Josete Dias Martins, 46, é uma das moradoras que sempre busca ajuda. Sem renda e sem Auxílio Brasil, ela diz que tem tido muita dificuldade para conseguir se alimentar, já que o único recurso que tem é uma pequena pensão que a filha de 15 anos recebe do pai.

"São muitas dificuldades. Estou no Cadastro Único, mas falta me atualizar para receber o Auxílio, mas nem sei fazer isso. Por isso vivo aqui na instituição; com as doações consigo me alimentar", conta.

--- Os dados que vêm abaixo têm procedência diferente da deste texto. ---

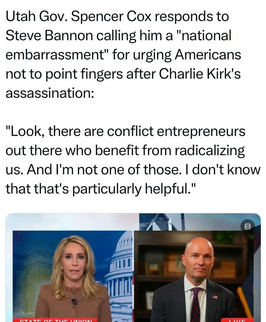 Bannon(班农)指责犹他州长让大家冷静,认为此时应大干一场。 Cox州长:有些人,是“冲突企业家”,专门挑唆、从中获利,我不会这样做,于事无补。 班农是右翼保守主义的代表,长期活跃在政治决斗场,获得了实实在在的好处,把马斯克挤走,此人就“功不可没”。这类人的生存依赖就是制造并利用冲突把事态搞大,即“冲突企业家”,从中渔利。 目前,美国柯克暗杀事件的外溢效应已经波及欧洲,已致欧洲议会因政治分歧连会议都开不下去。 查理·柯克创建的“美国转折点”(TPUSA)在他的遗孀埃里卡演讲之后,收到了1万8千份创办分会的申请。正如有的网友所言,毁了一个麦穗,长了一地麦子。 美国到了该踩刹车的时候了。

Famílias pegam ossos e pele para se alimentar em Maceió - Arquivo pessoal - Arquivo pessoal
Famílias pegam ossos e pele para se alimentar em Maceió
Imagem: Arquivo pessoal

"Tormenta perfeita" levou à alta, diz pesquisadora

Nathalie Beghin, coordenadora da assessoria política do Inesc (Instituto de Estudos Socioeconômicos), afirma que não há um motivo único que explique o crescimento da miséria nos últimos meses no Brasil. "A gente esta vivendo de tormenta perfeita", diz.

Ela cita que o desemprego elevado, a queda da renda, a inflação e o modelo de produção de alimentos são os principais fatores que levaram a uma escalada da extrema pobreza no país.

"Nosso modelo de produção é essencialmente centrado do agronegócio, que resulta na expulsão do campo dos trabalhadores rurais. E no meio disse tem a guerra [Rússia contra a Ucrânia] que está afetando insumos para agricultura. Mas todo drama não seria problema se o estado tivesse atuante", afirma a coordenadora do Inesc, organização que liderou o grupo de trabalho de pobreza, fome e desigualdades da Agenda 227.

Para ela, o foco central é que o governo federal, nos últimos anos, desmontou as estrutura e políticas públicas que poderiam ser úteis para fazer frente a uma crise desse porte após o pico da pandemia.

"Houve o desmonte da agricultura familiar, do Plano Safra, do seguro ao produtor, do crédito com subsídio, do estoque de alimentos —que poderiam, na falta de um produto, por exemplo, permitir que o governo colocasse no mercado e segurasse os preços", finaliza.